Is the coronavirus over? Not for everyone

Dr. Hagai Boas | 02.06.2021 | Photo: Unsplash

חיסון קורונה

After a year and three months of coronavirus pandemic restrictions in Israel, the health ministry issued the dramatic announcement: on June 1 the restrictions will be lifted. Israel is marching towards a new era, where the green pass or the purple pass will no longer apply, and that is definitely good news. But we mustn't forget those who belonged to risk groups in the first place, and who are not protected by the vaccine: the immunosuppressed, including organ transplantees.

If hitherto the immunosuppressed had a slight sense of security, thanks to the green pass regulations that created “coronavirus-free spaces,” from now on the joint spaces will no longer be protected and separated for them. Dr. Hagai Boas, head of the Science, Technology, and Civilization cluster at the Van Leer Jerusalem Institute, a kidney and liver transplantee, discusses the significance of the vaccine for people in his condition, in an article first published in the Hebrew edition of Haaretz on April 8, 2021. Ahead of the lifting of the green and purple pass regulations on June 1, we present the full article here:

 

Think about us organ transplantees, too

Israel rightfully boasts high levels of vaccination and serves as a model for the efficiency and necessity of the health funds as healthcare agencies that mediate between the state and the individual. And no less importantly: it also serves as a model thanks to the masses of Israelis who got vaccinated out of concern for their health and the health of their environment. There are always pockets of anti-vaccination resistance: from children's vaccinations to periodic vaccinations such as the flu vaccine. The social-demographic profile of the vaccine-hesitant and anti-vaccine groups can also be characterized. However, the coronavirus vaccines pose a special challenge. The vaccine was approved relatively quickly by the FDA in the US, and subsequently also by the Israeli Ministry of Health. The approval included reservations and comments, and actually stage IV of the vaccine experiment is the “wet” stage, in which side effects and success rates among the vaccinated population are monitored.

In that sense, we are all in stage IV. Ethical questions of consent to participate in stage IV, to what extent consent to be vaccinated is informed, and the nature of the relationship between the health ministry and the Pfizer company, are disturbing questions that have yet to be clarified. These, and fears of a new vaccine, motivate entire groups to avoid getting vaccinated. The tension between the individual's rights over their body and the common good that will arise from communal immunity has not eased, and solutions such as the green or purple pass raise other ethical questions.

I wish to offer another angle to examine the issue. I belong to the group of organ transplantees, who receive a cocktail of immunosuppressant drugs on a daily basis. Organ transplantees were not included in the stage III experiment groups of the coronavirus vaccines by the drug companies. The vaccines we received are actually stage III of the experiment. But it appears that despite the unequivocal recommendation of the Israeli Transplantation Society to vaccinate against the coronavirus, many of the transplantees have not developed any antibodies after being vaccinated.

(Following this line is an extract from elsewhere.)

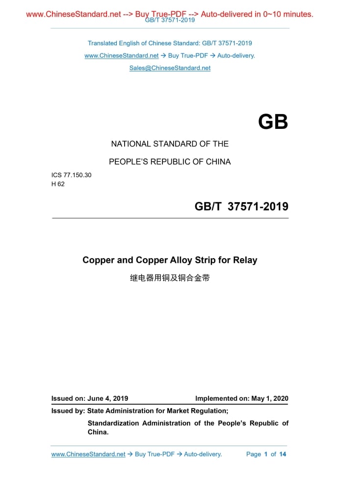 GB/T 37571-2019: Copper and Copper Alloy Strip for Relay Delivery: 9 seconds. True-PDF full-copy in English & invoice will be downloaded + auto-delivered via email. See step-by-step procedure Status: Valid

Actually, we currently have no way to get out of the danger zone. Furthermore, among lung transplantees the risk of death from the coronavirus is particularly high. Among other organ transplantees the risk of death is also higher than in the general population. In simple words, we are living today like everybody was living at the beginning of the winter: without vaccines and without any foreseeable prospect of going back to normal. We are still in mortal danger.

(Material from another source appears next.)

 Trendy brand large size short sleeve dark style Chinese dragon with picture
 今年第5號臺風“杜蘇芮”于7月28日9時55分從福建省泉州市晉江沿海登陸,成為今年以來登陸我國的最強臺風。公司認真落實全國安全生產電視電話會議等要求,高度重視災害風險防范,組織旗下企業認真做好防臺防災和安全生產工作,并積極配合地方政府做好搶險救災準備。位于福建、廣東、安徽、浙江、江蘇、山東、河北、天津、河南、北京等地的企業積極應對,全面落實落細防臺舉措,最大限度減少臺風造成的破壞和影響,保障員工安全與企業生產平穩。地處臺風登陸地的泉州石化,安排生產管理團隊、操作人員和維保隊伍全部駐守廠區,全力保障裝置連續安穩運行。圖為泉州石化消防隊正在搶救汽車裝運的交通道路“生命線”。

As organ transplantees we are alive thanks to the generosity of others. Every organ transplantee and every organ donor know firsthand about solidarity and altruism. We are also well aware of the limitations of medicine: there is no medical technology for a perfect life. Health is always a relative, shaky and random concept. Vaccines are a good example of the importance of combining the social dimension and the technological dimension: solidarity without vaccines is powerless, vaccines without solidarity are an empty technology.

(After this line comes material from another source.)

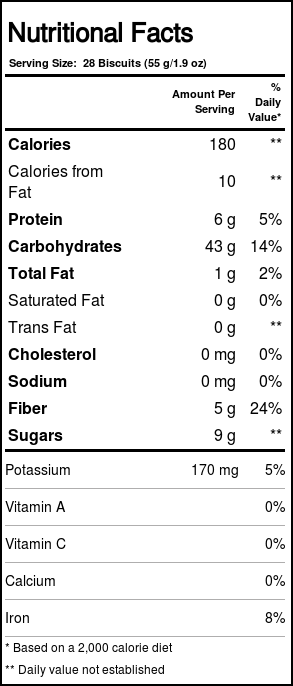 Whole Wheat Biscuits are made with whole grain wheat that’s steamed, shredded, weaved and topped with a dusting of sweetness, for a tasty snack sure to make every morning great. Grown on organic farms, the all-natural ingredients found in Whole Wheat Biscuits offer more healthy benefits and natural flavor than processed cereals on the shelves at the local supermarket. The all-natural, organic sweetener adds just the right amount of sweetness while the shredded wheat biscuits offer an enjoyable crunchy texture the whole family will love.

It may sound petty or somewhat bitter, but from the perspective of someone who wishes they could develop antibodies to the coronavirus in order to go back to normal, back to work, to meet people – the idea of doubting vaccinations whose efficiency has already been proven, the fear of long-term side effects (how long?), the claim that personal rights are being trampled by “vaccine-crazy” officials – all look like the privileges of healthy people. Criticism is important, certainly criticism of science and technology, but in the final accounting and given that we accept the safety of the vaccine, would it not be right to be vaccinated not only to protect yourself but also those who cannot be vaccinated?